Его сил хватало, чтобы оставить о себе такой эфемерный преисполненный пугающей точности и драгоценной зыбкости, отчет предназначенный иссяканию.

Вот, вдохни, не бойся, ну, понюхай, мой любимый, – как будто подталкивал он меня, – ведь почти ничем не пахнет. В тот самый момент когда мы проснемся.

Меня, как припозднившегося маленького гулену, накрыло упавшее в непогоду растение. Огромный влажный куст, чью породу мне ни за что не определить, так как суть ее состояла в характере моего поражения всей путаницей листвы и веток, нежным тактильным ударом, растворяющемся через миг после опознавания легких сумерек этого касанья…


Я боялся разжать объятия. Во мне не было стыда. Потому, что и в нем не было срама. И он, наивно приоткрываясь мне, не изменил своей позы, – слабый с напряженным членом, полный смирения, самоотдачи и признательности. За что? За то, что и я, наконец-то, и я тоже подарил ему жизнь. Как мог. Со мной. Робкий клок жизни. Не отторгнув его в этом ничтожестве слабости и великолепии близости, – мы ведь вырвали с ним лишь несколько часов из всей бездны нашего разобщенного времени.

И он показался мне понурой ровностью, тщетной неизменностью, сокровищем жалкости. Я просто понял то, что он – мой отец, понял в нем то, что навсегда изъяло из нашей неосуществимой близости все тени.

Мне привиделось, как я спал на самом дне его жара, не застав там себя спящим ни одной секунды, которую можно вымерить с помощью обычных часов. Ведь человеческое время для нас перестало что-то означать. Для него – спящего, а для меня – спящего в нем, и не подозревающем о скором времени. Он словно извещал меня об очень важном, – что это известно и ему, а теперь и мне, так как мы стали единственным достоверным извещением друг другу.

О том, что придет смерть.

И его, покоящегося рядом, я уже не боялся.


Я перекрутился лицом к стене как жгут влажного белья, но отец что-то вымолвил детским гортанным тоном, он донесся до меня откуда-то с дальней прекрасной изнанки его жизни, он вздрогнул, – я, поворачиваясь, наверное грубо задел его.

И тут же под его робкий стон я изошел.

Мое напряжение разрядилось от одного прикосновения к стене.

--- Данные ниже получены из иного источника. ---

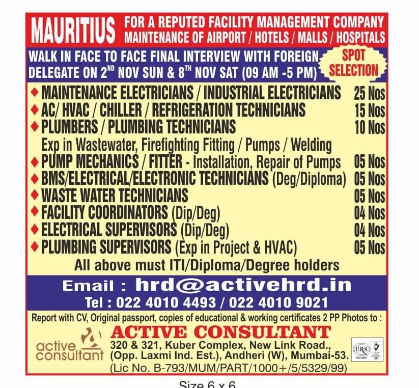 A reputed facility management company in Mauritius is hiring for maintenance roles across airports, hotels, malls, and hospitals. Walk-in face-to-face final interviews with foreign delegates are scheduled on 2nd Nov (Sun) & 8th Nov (Sat) from 09 AM – 5 PM. Apply now for spot selection!
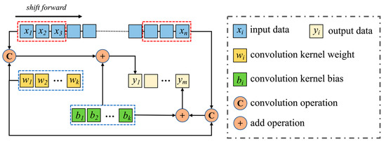 In order to better apply convolution to time series applications, one-dimensional convolution (Conv1D) is used. Conv1D is a convolution operation specially used to process time series data. It has only one spatial dimension, which is more suitable for feature extraction of drainage monitoring data. Conv1D achieves feature extraction by moving a fixed-size sliding window on the input sequence and performing an inner product operation at each window position to generate an output sequence [41]. The process of convolution operation is shown in Figure 2.

Сырой крупный крот промчался во мне как в просиявшей норе. Случайным толчком по моему распрямленному в дугу телу. Кажется, я ухнул. Будто с трудом потянулся, оживая. И так – быстро и легко, в моей дурацкой жизни больше никогда не получалось. В горькие ночи я толкал стены – каменные и фанерные. И они отвечали мне мертвым покоем.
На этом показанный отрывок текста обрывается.